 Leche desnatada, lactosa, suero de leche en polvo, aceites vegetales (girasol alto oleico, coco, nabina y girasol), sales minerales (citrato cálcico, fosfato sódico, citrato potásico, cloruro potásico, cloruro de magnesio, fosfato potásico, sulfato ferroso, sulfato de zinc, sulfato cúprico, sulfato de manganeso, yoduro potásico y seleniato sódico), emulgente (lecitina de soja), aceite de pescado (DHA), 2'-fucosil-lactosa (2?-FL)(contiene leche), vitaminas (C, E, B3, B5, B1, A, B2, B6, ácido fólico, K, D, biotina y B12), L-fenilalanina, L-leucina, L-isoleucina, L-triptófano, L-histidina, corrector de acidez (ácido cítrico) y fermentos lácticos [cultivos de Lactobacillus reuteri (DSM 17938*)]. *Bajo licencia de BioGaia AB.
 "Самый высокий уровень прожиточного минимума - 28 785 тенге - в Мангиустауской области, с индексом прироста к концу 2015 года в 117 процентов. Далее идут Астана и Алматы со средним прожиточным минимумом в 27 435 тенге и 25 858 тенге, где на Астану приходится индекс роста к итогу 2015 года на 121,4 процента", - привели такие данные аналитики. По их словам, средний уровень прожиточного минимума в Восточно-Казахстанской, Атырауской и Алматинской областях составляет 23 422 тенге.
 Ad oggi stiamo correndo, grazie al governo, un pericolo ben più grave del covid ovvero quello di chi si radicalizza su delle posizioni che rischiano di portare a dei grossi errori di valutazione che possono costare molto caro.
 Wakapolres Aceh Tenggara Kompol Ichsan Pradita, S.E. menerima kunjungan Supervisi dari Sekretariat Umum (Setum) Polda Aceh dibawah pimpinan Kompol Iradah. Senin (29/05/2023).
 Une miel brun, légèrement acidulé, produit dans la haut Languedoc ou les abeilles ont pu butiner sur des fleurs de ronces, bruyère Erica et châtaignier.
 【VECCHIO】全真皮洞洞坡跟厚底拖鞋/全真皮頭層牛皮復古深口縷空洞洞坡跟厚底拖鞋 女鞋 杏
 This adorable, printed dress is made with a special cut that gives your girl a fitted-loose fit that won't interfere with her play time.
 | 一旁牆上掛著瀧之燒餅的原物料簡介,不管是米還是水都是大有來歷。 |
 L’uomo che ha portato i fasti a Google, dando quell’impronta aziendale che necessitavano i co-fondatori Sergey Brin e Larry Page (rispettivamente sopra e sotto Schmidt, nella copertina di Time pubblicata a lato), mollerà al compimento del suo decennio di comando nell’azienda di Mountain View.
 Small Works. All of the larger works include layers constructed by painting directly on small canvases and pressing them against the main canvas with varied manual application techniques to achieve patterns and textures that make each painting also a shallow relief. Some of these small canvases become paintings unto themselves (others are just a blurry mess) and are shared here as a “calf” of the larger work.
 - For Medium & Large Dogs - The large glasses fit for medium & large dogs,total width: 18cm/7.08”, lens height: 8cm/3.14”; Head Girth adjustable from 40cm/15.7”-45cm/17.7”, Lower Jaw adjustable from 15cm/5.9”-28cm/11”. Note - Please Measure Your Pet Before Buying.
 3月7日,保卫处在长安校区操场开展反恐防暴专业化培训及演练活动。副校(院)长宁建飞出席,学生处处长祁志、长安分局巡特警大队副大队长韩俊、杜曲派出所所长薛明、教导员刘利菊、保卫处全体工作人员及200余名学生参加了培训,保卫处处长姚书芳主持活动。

--

**Assigned task**
Once the line containing "Small Works. All" is found, print it and every line after it through the end of the listing, exactly and alone.

**Task output**
 Small Works. All of the larger works include layers constructed by painting directly on small canvases and pressing them against the main canvas with varied manual application techniques to achieve patterns and textures that make each painting also a shallow relief. Some of these small canvases become paintings unto themselves (others are just a blurry mess) and are shared here as a “calf” of the larger work.
 - For Medium & Large Dogs - The large glasses fit for medium & large dogs,total width: 18cm/7.08”, lens height: 8cm/3.14”; Head Girth adjustable from 40cm/15.7”-45cm/17.7”, Lower Jaw adjustable from 15cm/5.9”-28cm/11”. Note - Please Measure Your Pet Before Buying.
 3月7日,保卫处在长安校区操场开展反恐防暴专业化培训及演练活动。副校(院)长宁建飞出席,学生处处长祁志、长安分局巡特警大队副大队长韩俊、杜曲派出所所长薛明、教导员刘利菊、保卫处全体工作人员及200余名学生参加了培训,保卫处处长姚书芳主持活动。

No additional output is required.